The first part of the book describes the background behind cosmological inflation, and the second covers BICEP2. The third section focuses on Keating's issues with the Nobel Prize, including lack of diversity in the recipients, that the prize cannot be awarded posthumously, the maximum of three laureates per prize, which excludes larger groups from receiving it, and the secrecy around nominations. According to Keating, all of these "reward an outdated version of science", and "better science comes from inclusivity, collaboration, and innovation". He argues that the science Nobel Prizes have strayed from the original intent of Alfred Nobel's will, and may hinder scientific progress by fostering unnecessary, and sometimes destructive, competition. He proposed that half a Nobel prize should go to the leaders of a collaboration, with the other half awarded to the rest of the team of scientists working on the project.

=== Into the Impossible (2021) ===
His second book, Into the Impossible, was published in 2021. It features interviews with Nobel Prize winners Adam Riess, Rainer Weiss, Sheldon Glashow, Carl Wieman, Roger Penrose, Duncan Haldane, Frank Wilczek, John C. Mather and Barry Barish.
== Personal life ==
Keating was born on September 9, 1971, the son of the mathematician James Ax, and his wife Barbara. When he was about seven, his parents divorced and his mother remarried, and the young Brian took his stepfather's name, Keating. He was out of contact with his father for the next 15 years, reconnecting only when he was a graduate student. Keating grew up in Dobbs Ferry, New York. He has three brothers. Kevin, Nick and Shaya.

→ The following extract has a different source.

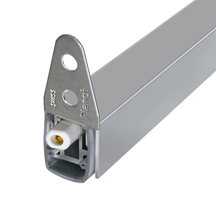 Automatyczna uszczelka opadająca Planet MF FH+RD | 50 dB, do drzwi dźwiękoszczelnych, dymoszczelnych i przeciwpożarowych, wyzwalanie po stronie zawiasów z automatyczną kompensacją nachylenia podłogi, równoległe opuszczanie, wysokość uszczelki do 16 mm. Zlicowane lub głębszy montaż z zabezpieczeniem uszelki we frezowaniu. Samogasnąca uszelka silikonowa, mocowanie boczne. Profil aluminiowy 19,8 x 20 mm.
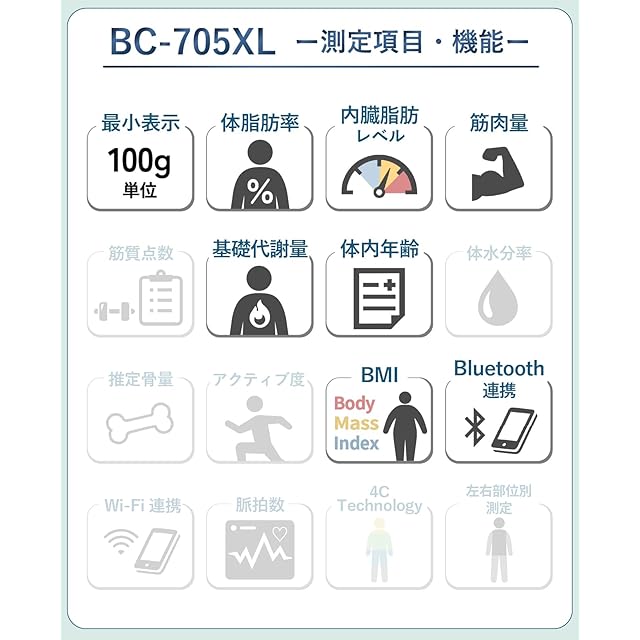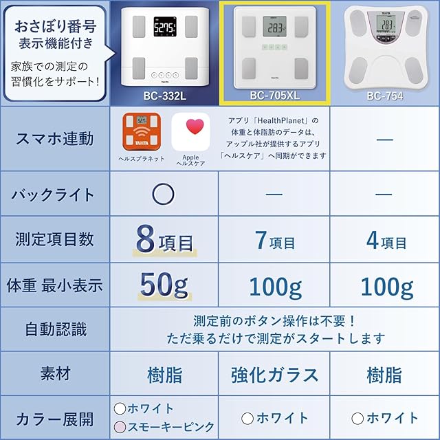 タニタ 体重計 体組成計 ヘルスメーター BC-705XL【体脂肪率/内臓脂肪レベル/筋肉量/基礎代謝量/体内年齢/BMI/スマホ連動/乗るピタ】

Keating was born to Jewish parents, but they divorced and his mother married a Catholic. He became a member of the Catholic Church, although his mother and father were non-observant Jews. He later became an atheist, and subsequently he became an observant Jew, currently describing himself as a "practicing devout agnostic".

As well as a cosmologist, he is a pilot with a multi-engine turbine license. He was a trustee of Math for America, San Diego in 2006–2014, Angel Flight West in 2010–2015, and the National Museum of Mathematics in 2014–2017. He is currently a trustee of San Diego Air & Space Museum since 2013, and is on the Ruben H. Fleet Museum advisory council since 2017.